Reaching into his shirt pocket, he pulled out a gold cigarette case,
with a bright shining
silver zippo lighter attached to the side. He was a fair feminine man,
with delicate features,
but also a man who had seen the world. He remained confident and
steadfast in his
endeavors. He seemed removed from his surroundings, and moved with a
sense of
indifference. I removed a cigarette from the case and lit the tobacco,
basking in the
taste of the Benson and Hedges sweetened smell. To taste a cigarette
after standing on
the dusty highway of life is one of those pleasures that travelers
share, but few come
to express. It is, however, a pleasure that is rarely denied. Some
unwritten code
seems to exist out in the hinterlands of our forgotten wastelands. As I
exhaled, I
reflected on the unfairness of such situations; the undeniable reality
of our own
inexpressable human condition, at times too horrible to
contemplate.
"Do you think that it was because you were black ?"
"Black............"
"Yes, the reason for you not being hired. Do you think that it
was
because you were black ?"
He removed his sunglasses, placed them on the dash, and then pulled in
the last
dregs of his own cigarette.
"No, I don't think that it was the reason."
"Then, what was the reason ?"
"I don't know..............I still don't know.
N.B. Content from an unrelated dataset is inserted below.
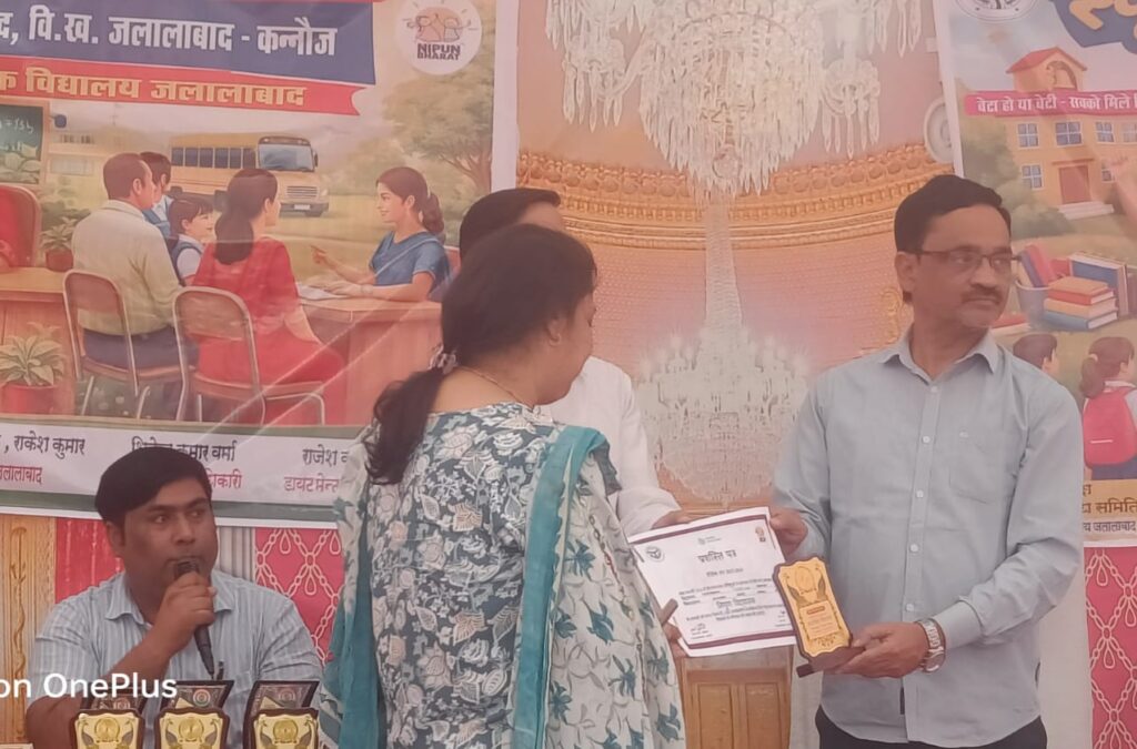 जलालाबाद, कन्नौज। पूर्व माध्यमिक विद्यालय जलालाबाद में बुधवार को स्कूल चलो अभियान के अंतर्गत एक प्रेरक कार्यक्रम का आयोजन किया गया। कार्यक्रम में मुख्य अतिथि के रूप में खंड शिक्षा अधिकारी शिवेंद्र कुमार वर्मा उपस्थित रहे। उनके साथ डायट मेंटर राजेश कुमार वर्मा, एआरपी राकेश कुमार, रंजना पाठक, शिक्षक संघ के जिला अध्यक्ष सुशील कुमार यादव सहित न्याय पंचायत जलालाबाद के समस्त प्रधानाध्यापक मौजूद रहे। कार्यक्रम के दौरान निपुण विद्यालयों के प्रधानाध्यापकों को सम्मानित किया गया। साथ ही निपुण बच्चों एवं नव प्रवेश लेने वाले छात्र- छात्राओं को भी प्रोत्साहन स्वरूप सम्मान प्रदान किया गया। इसके अतिरिक्त विभिन्न प्रतियोगी परीक्षाओं में सफलता प्राप्त करने वाले विद्यार्थियों को पुरस्कृत कर उनका उत्साहवर्धन किया गया। अतिथियों ने अपने संबोधन में शिक्षा के महत्व पर प्रकाश डालते हुए अभिभावकों से अधिक से अधिक बच्चों का विद्यालयों में नामांकन कराने की अपील की। कार्यक्रम का उद्देश्य बच्चों में शिक्षा के प्रति रुचि बढ़ाना और उन्हें आगे बढ़ने के लिए प्रेरित करना रहा।

Maybe, things were
not
meant to happen that way, but you know
something................"
"I sat in a hotel room down in L.A., with a busted out air
conditioner in the stinking heat of that downtown summer,
watching
some rehashed speech by Gerald Ford in l975.................and you
know
something......."
"Yea....."
"I still had a good time. Don't ever forget to laugh baby. It
will
pull through every time.............You know why I picked you up don't
you...."
"Why is that ?", I said as I drifted off into the long slumbering
sleep
of another night on the neverending journey of the road.
"Martin-Luther King. He said to leave no child behind. I saw you
on that highway, and had to pick you up..........You're going to Iowa
City.
From there it is your ride."
"Thanks.", I said as I put out the cigarette, and drifted off
into
sleep; dreaming of the eternal lights of San Francisco.